1/4/2021
The new year isn’t off to a great start, at least for Slack anyway. The workplace messaging platform suffered a more than three-hour outage on Monday that prevented some users from sending messages or connecting to the service at all. At ACTSmart IT, we use this app internally so I can feel everyone’s pain concerning this outage.

Slack was up and running again for many people around 1:00 pm eastern time, though the company said on its status page that it was still working to completely resolve the issues and that some customers “may experience degraded performance.”

The company confirmed the outage with a post on its status page at 7:14 a.m. “Customers may have trouble loading channels or connecting to Slack at this time,” the company wrote. “Our team is investigating and we will follow up with more information as soon as we have it.

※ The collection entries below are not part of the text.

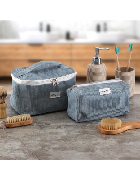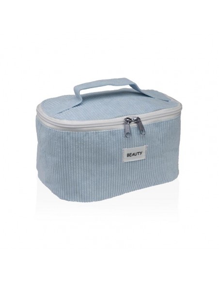 Suave neceser de tela de pana con un sencillo diseño en color azul con un cuadro central que dice ¨beauty¨.
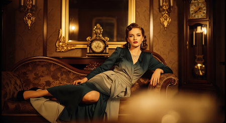 Portrait of a beautiful fashionable woman in a luxurious interior. Retro style.
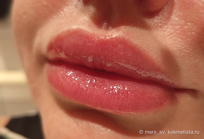 Блеск не плохо выглядит в макияже: не подчёркивает сухость, выравнивает поверхность, придаёт сдержанный блеск, не течёт за контур.

We apologize for any disruption caused.”

It’s not clear what caused the outage or when normal service will be fully restored. “We’re continuing to investigate connection issues for customers, and have upgraded the incident on our side to reflect an outage in service, the company posted at 8:20 a.m. PT. “All hands are on deck on our end to further investigate.” A spokesperson for Slack pointed to the @SlackStatus Twitter account for updates.

Slack is in the process of being acquired by business software giant Salesforce for $27.7 BILLION, a deal announced in December. Salesforce intends to integrate Slack into it’s software platform and their goal is to give Microsoft Teams a run for the money.

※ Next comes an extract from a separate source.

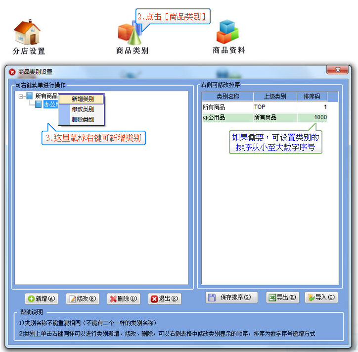 操作說明:在導航【基本信息】模塊中點擊【商品類別】打開如圖所示,在左邊類別上面點擊右鍵后出菜單,直接添加新類別,下級類別等,輸入分類的名稱即可。

There are some clear upsides for both companies. Salesforce can tap into a collaboration platform used daily by millions of knowledge workers and open a new front in its battle with Microsoft, while Slack gets to reignite its slowing growth under the ownership of a cloud giant with a global network of the enterprise sales staff.

But what does the acquisition mean for the 142,000 businesses already using Slack, and the 12 million users who fire up the application each workday? Any acquisition involves a degree of uncertainty for existing customers, and Salesforce’s buyout of Slack is no different.

Initial comments from Salesforce indicate that Slack will become the new interface for Customer 360, the data platform that connects Salesforce’s various apps spanning sales, marketing, analytics, workflow integration and more.

The statement announcing the acquisition put it this way: “Slack will be deeply integrated into every Salesforce Cloud. As the new interface for Salesforce Customer 360, Slack will transform how people communicate, collaborate and take action on customer information across Salesforce as well as information from all of their other business apps and systems to be more productive, make smarter, faster decisions and create connected customer experiences.”

That sound pretty much like how Microsoft markets their TEAMS application. Only time will tell where this will end up but you can bet there will be far more competition between Salesforce and Microsoft which usually means good things for all of us consumers.